:: SUPPLIED DATA ::
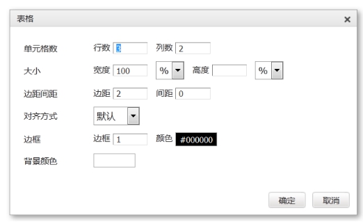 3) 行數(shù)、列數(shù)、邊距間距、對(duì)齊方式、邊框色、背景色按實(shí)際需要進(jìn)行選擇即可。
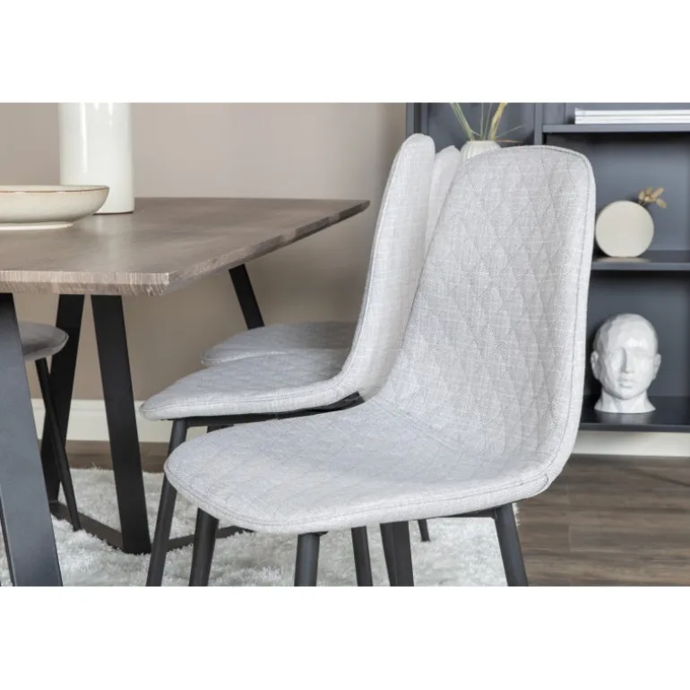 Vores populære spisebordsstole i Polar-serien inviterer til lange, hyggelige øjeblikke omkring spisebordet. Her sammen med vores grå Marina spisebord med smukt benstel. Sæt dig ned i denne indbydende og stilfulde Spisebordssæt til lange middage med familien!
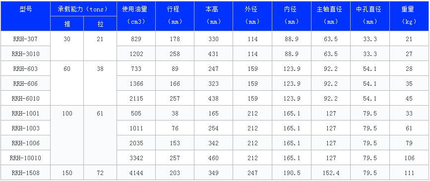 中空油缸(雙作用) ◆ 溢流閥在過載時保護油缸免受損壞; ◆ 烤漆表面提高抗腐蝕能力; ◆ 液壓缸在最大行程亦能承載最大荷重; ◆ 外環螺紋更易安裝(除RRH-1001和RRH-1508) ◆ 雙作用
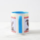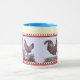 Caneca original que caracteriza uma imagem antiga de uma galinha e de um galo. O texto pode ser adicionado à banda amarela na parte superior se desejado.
...
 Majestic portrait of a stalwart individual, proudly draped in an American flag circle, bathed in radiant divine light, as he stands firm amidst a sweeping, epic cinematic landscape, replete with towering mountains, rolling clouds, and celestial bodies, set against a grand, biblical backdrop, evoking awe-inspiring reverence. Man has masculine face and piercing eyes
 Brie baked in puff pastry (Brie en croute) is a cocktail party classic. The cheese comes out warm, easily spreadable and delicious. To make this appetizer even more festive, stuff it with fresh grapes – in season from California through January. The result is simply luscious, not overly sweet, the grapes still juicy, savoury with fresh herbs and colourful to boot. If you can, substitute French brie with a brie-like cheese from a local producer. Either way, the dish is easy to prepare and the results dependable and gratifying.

:: YOUR ASSIGNMENT ::
Between and including the line with "Vores populære spisebordsstole" and the line with "Caneca original que", repeat every line exactly as it appears above, with pictures left out.

:: RESPONSE TO THIS EXERCISE ::
 Vores populære spisebordsstole i Polar-serien inviterer til lange, hyggelige øjeblikke omkring spisebordet. Her sammen med vores grå Marina spisebord med smukt benstel. Sæt dig ned i denne indbydende og stilfulde Spisebordssæt til lange middage med familien!
 中空油缸(雙作用) ◆ 溢流閥在過載時保護油缸免受損壞; ◆ 烤漆表面提高抗腐蝕能力; ◆ 液壓缸在最大行程亦能承載最大荷重; ◆ 外環螺紋更易安裝(除RRH-1001和RRH-1508) ◆ 雙作用
 Caneca original que caracteriza uma imagem antiga de uma galinha e de um galo. O texto pode ser adicionado à banda amarela na parte superior se desejado.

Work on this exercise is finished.